(DATASET)
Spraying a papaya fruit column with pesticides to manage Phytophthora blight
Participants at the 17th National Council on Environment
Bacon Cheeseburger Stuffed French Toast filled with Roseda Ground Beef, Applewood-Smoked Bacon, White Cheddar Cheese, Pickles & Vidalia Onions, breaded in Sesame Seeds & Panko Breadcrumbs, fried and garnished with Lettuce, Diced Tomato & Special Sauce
(End DATASET)
(DATASET)
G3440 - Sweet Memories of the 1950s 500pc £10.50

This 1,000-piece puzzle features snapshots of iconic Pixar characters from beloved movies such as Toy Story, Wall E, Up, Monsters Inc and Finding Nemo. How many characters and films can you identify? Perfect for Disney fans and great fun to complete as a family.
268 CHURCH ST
(End DATASET)
# BRIEF
Filter the entries down to the lines holding the string "with". Copy each of those lines.

# RESULT
Spraying a papaya fruit column with pesticides to manage Phytophthora blight
Bacon Cheeseburger Stuffed French Toast filled with Roseda Ground Beef, Applewood-Smoked Bacon, White Cheddar Cheese, Pickles & Vidalia Onions, breaded in Sesame Seeds & Panko Breadcrumbs, fried and garnished with Lettuce, Diced Tomato & Special Sauce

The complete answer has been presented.